Sorry, I'm not sure what do you mean here. Are you proposing to have a
cmpxchg in kernel side, so the lock would be taken by the kernel, and
not by the userspace like it's now?

> - The private global futex hash table sucks for various reasons, and
> having 128 waiters per thread makes it orders of magnitude easier for
> userspace to DoS stuff with hash collisions. NUMA doesn't fix that, the
> per process hashing that Thomas suggested does fix the DoS but the
> non-deterministic hash collisions still seem to be a problem for real
> time response, and at the other end of the scale some apps (certain 
> databases, etc) can have ten thousand futex waiters at once so birthday
> paradox can also lead to guaranteed (low level) variable beahviour 
> within a single process.
> 
> I know the kernel in general is not very robust against this kind of 
> DoS/nondeterminism, but it's a bit sad to introduce new APIs with the 
> problem still there. Yes we could address it later, but I think it's 
> better done first because the solution might influence what the best 
> syscall API is.
> 
> For example the idea of using the address as the handle for the wait 
> queue _and_ the value is very convenient but hashing is annoying for
> all the above reasons and the shared wait queue case is pretty clunky. 

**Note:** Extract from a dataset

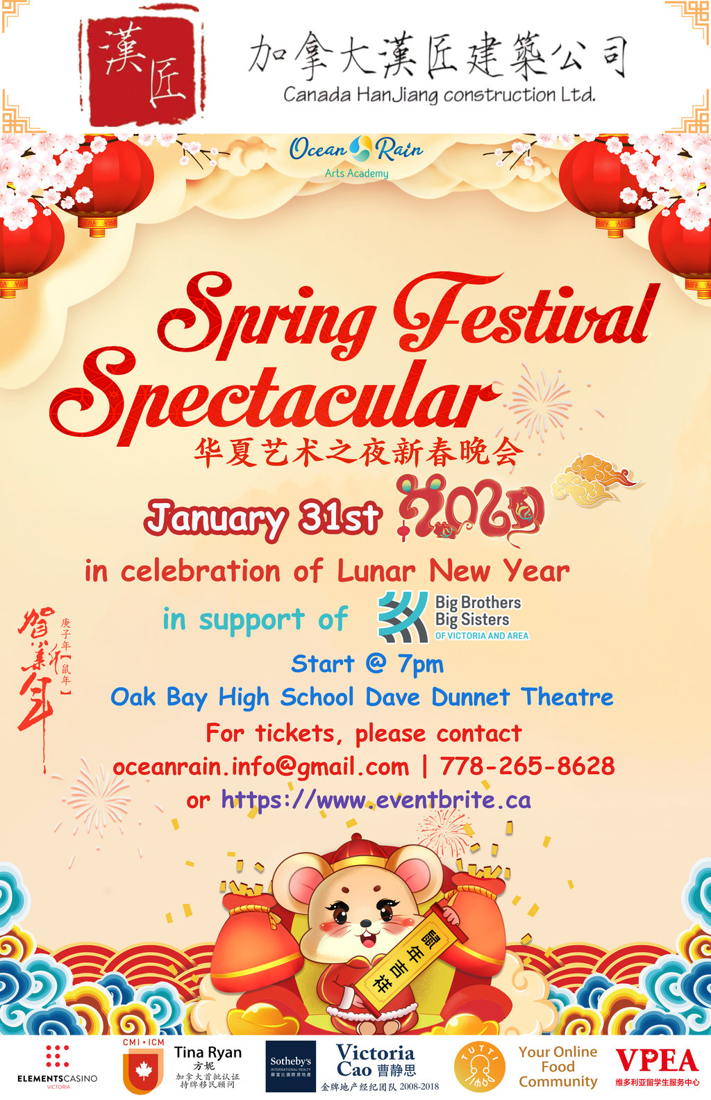 Spring Festival is also known as Lunar New Year. To celebrate this cultural tradition, Ocean Rain Arts Academy presents the 3rd Spring Festival Spectacular with a collection of local elite talents, including the famous Ballet Etoile Canada, Ocean Rain Arts Academy, Magicians, as well as local artists from Philippine, Japanese and Korean communities. We bring you and your family 2 hours of musical performances to enjoy the magical moments of Spring Festival.

> It's also constraining in some corner cases to have the wait queue 
> associated with the address 1:1. For example a type of NUMA mutex might 
> want to have per-node waitqueues associated with a lock word, and wake
> local node waiters 99% of the time. Not trivial to do with futexes and
> seems to at least require bouncing of more cache lines, possibly more
> atomics, etc.
> 
> Could anything else be done?

I wasn't aware that userspace doing DoS is something to be concerned
from the kernel point of view. Is this scenario considering a malicious
actor? If so, there are plenty of resources to be denied, so not sure
how futex could be protected of this. Or is this just a program that
uses tons of futexes?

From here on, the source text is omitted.